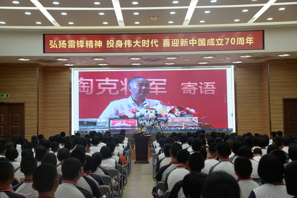 《解放军报》原副总编,《雷锋》杂志总编陶克将军在主会场通过现场互动,为闽附的小雷锋寄语。在主会场活动结束后,专程到闽江学院附属中学现场考察,对闽江学院附属中学的学雷锋志愿服务给予高度评价,并欣然题词。
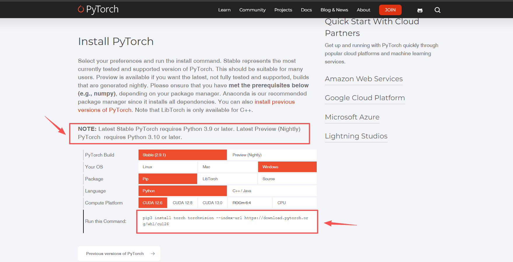 PyTroch 的安装需要 Python 3.9 以上的版本,如果是 Preview 版本,则需要 Python 3.10 以上的版本。
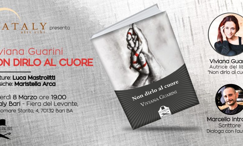 BARI – In occasione della festa della donna, sarà presentato venerdì 8 Marzo presso Eataly il romanzo di Viviana Guarini “Non dirlo al cuore” (Les Flâneurs Edizioni), vincitore della 3a edizione del Premio “Ludovica Castelli”. Appuntamento alle ore 19.00. Ingresso libero.
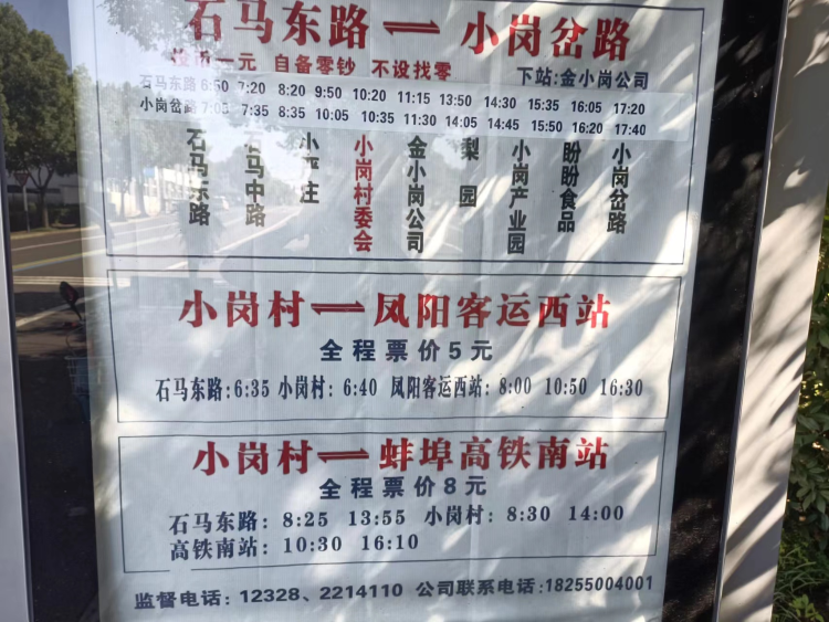 第一班8:30/第二班14:00 (途径凤阳县城)
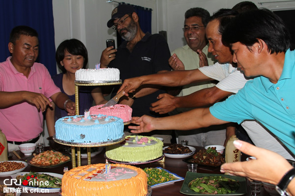 中国同事为胡里奥庆祝生日
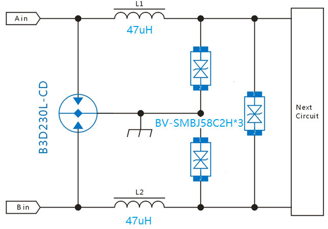 共模電感后極增加TVS管做二級保護(hù),TVS選型可以用BV-SMCJ58CA,BV-SMDJ58CA,BV-5SMDJ58CA,實際選用功率大小與PTC、共模電感退耦有關(guān)系。

● ● ● ● ●

- [PROBLEM TO SOLVE] Word for word, please, restate the lines of the listing from the one holding "中国同事为胡里奥庆祝生日" down to the last line, leaving out any pictures.

- [FINISHED TASK]
 中国同事为胡里奥庆祝生日
 共模電感后極增加TVS管做二級保護(hù),TVS選型可以用BV-SMCJ58CA,BV-SMDJ58CA,BV-5SMDJ58CA,實際選用功率大小與PTC、共模電感退耦有關(guān)系。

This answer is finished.